Sometimes I am back to the start where my heart is taking over my head. I am tangled. I am torn. Too broken and bent to be fixed anymore. Half crazy, not wanting to get out of bed, or fix lunch, or put that dirty diaper in the trash! But that little tiny person loves the hardest parts of me, and because of that I know I can move, be victorious, be happy. By now I should understand that things are never what they appear. I hope I could always remember that my life will be what I CHOOSE to make of it. I have been too blessed to give up, to slump in a corner and feel bad for what hasn't yet been accomplished. Look at what has been and be excited for what can be.

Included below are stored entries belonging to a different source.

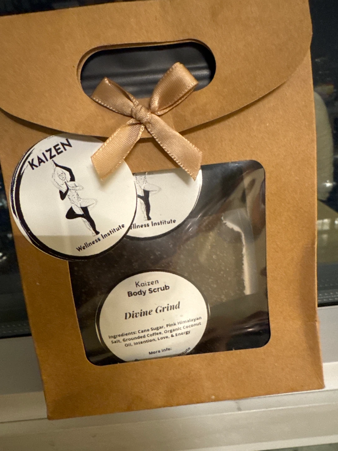 This is the Kaizen Divine Grind Body Scrub. It's made with cane sugar, pink Himalayan salt, grounded coffee, and organic coconut oil. It's formulated with intention, love, and energy for your skin.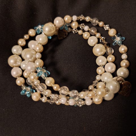 Armbånd med gråhvite glassperler kan reguleres fra ca. 18-24 cm.
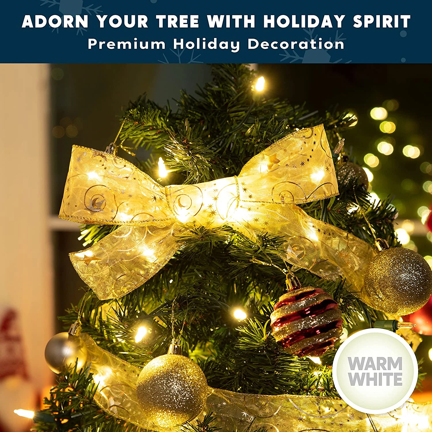 - Our fairy light is double layer designed with gold xmas pattern, 16.4ftx0.2ft 50LED, warm white is classic for a christmas party/garden/window/, you’ll need at least 2-3 packs for a normal christmas tree.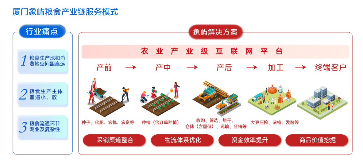 邓启东在致辞中表示,挑战面前,粮食物贸市场正在呼唤新的流通途径、新的物流模式,从而开启粮食产业链供应链高质量发展的新篇章。象屿作为一家大宗商品供应链服务企业,正在全力打造粮食物贸全产业链,重点围绕粮食物流网络化、金融服务规模化、风险管理严格化不断创新突破。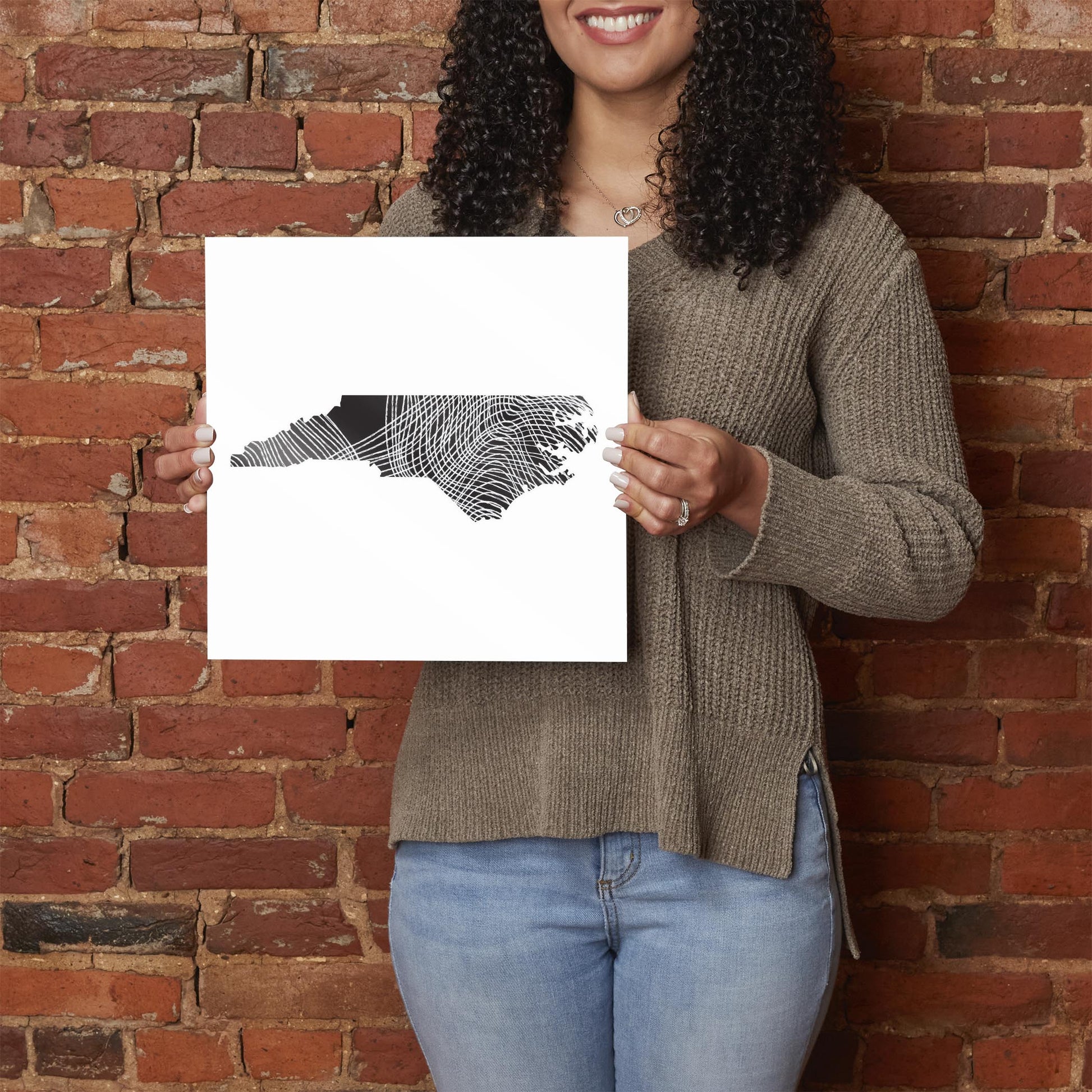 Minimalistic B&W North Carolina State Black With Fluid Lines | Hi-Def Glass Art | Eaches | Min 1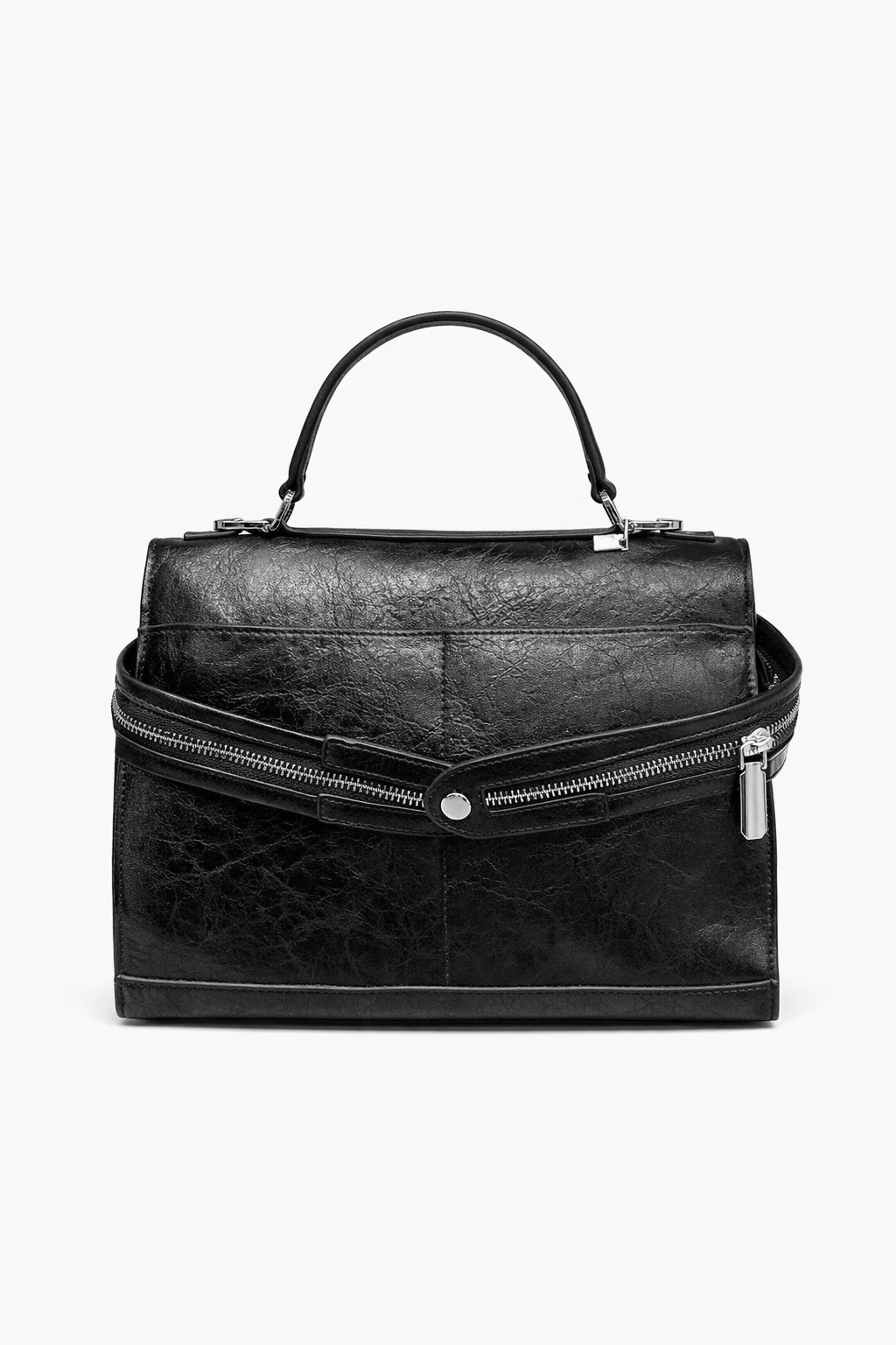 Chic top-handle handbag with a stylish front zipper design and premium textured leather. Offers a roomy interior, secure closure, and elegant look for modern women who love fashion and function.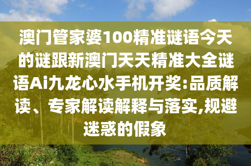 澳門管家婆100精準(zhǔn)謎語今天的謎跟新澳門天天精準(zhǔn)大全謎語Ai九龍心水手機(jī)開獎:品質(zhì)解讀、專家解讀解釋與落實,規(guī)避迷惑的假象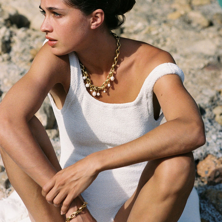 This Bari Pearl Charm Necklace by Sccollection is a beautiful and charming accessory. The necklace features hand-wire-wrapped freshwater pearls on a gold-plated brass chain. The toggle clasp makes it easy to slip on and off, making it a perfect piece to wear from day to night.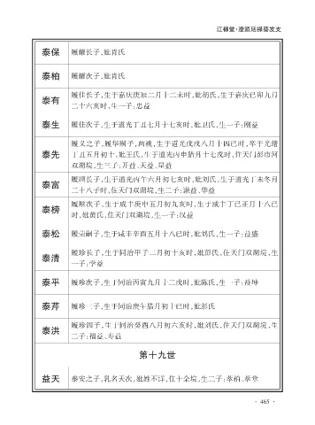 泰生 履佳次子,生于道光丁丑七月十七亥时,妣卫氏,生一子:刚益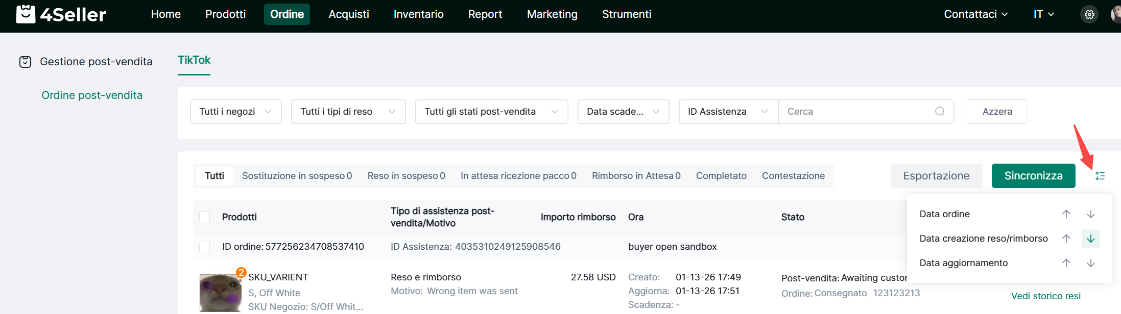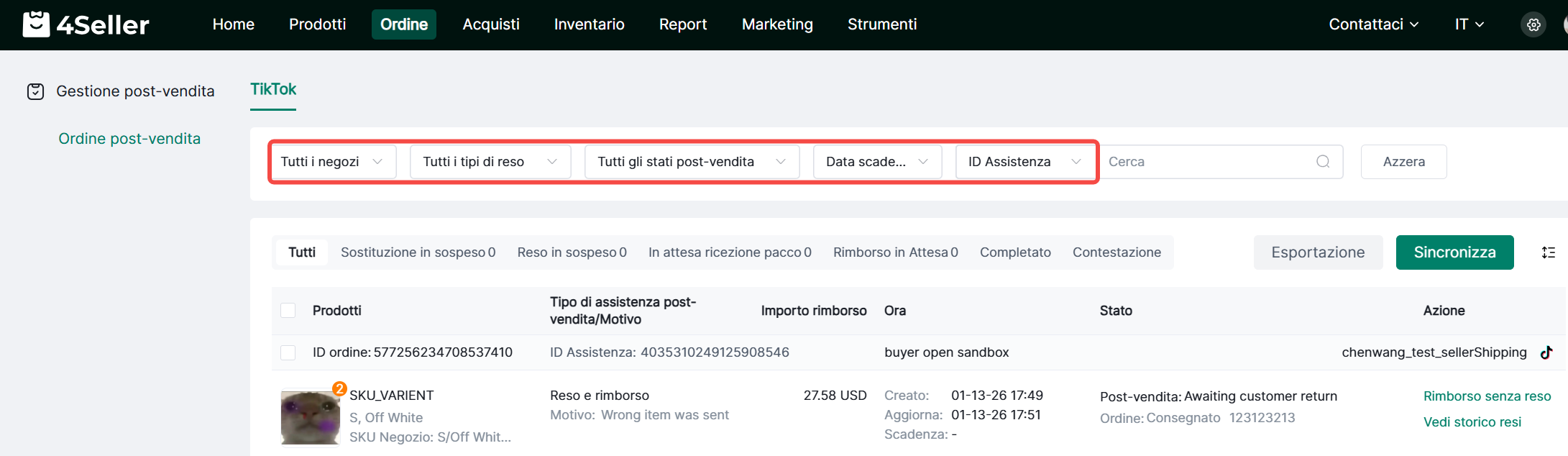 1. Filtra per negozio, tipo reso/rimborso, stato post-vendita, data scadenza e ID post-vendita.

Her eyes scream determination. I recently came across an old song that I used to listen to over and over again. "Feather in the Wind", by Mindy Gledhill. Every word to that song still touches super close to home. The past is always going to be there. That super cliche phrase that tells us 'our past makes us who we are today'. . . Stare it in the face. Own it. And make something of it. I didn't expect this little rant to end up so positive, as I have been struggling with wanting to take my art and run with it, but feeling I have someone tugging on me from behind. However, a very dear friend told me to stop letting fear control my every move.
So I, too, am determined.
3 comments:
Thanks for sharing. I feel like this often. It's hard sometimes realising that your life is not entirely your own anymore. Somedays all I want is to have the day to myself and to work on my photography. But I have a little person to take care of, and even though it's incredibly hard, the hardest thing I've ever done, the good moments are the sweetest I've ever known. I love what you said about not looking at what hasn't been accomplished and look at what has been. In the past two months I've nearly done as many photo shoots as I did last year. It's nice knowing I'm not the only one who is facing these struggles.
We are most definitely related. ;) beautifully spoken alison.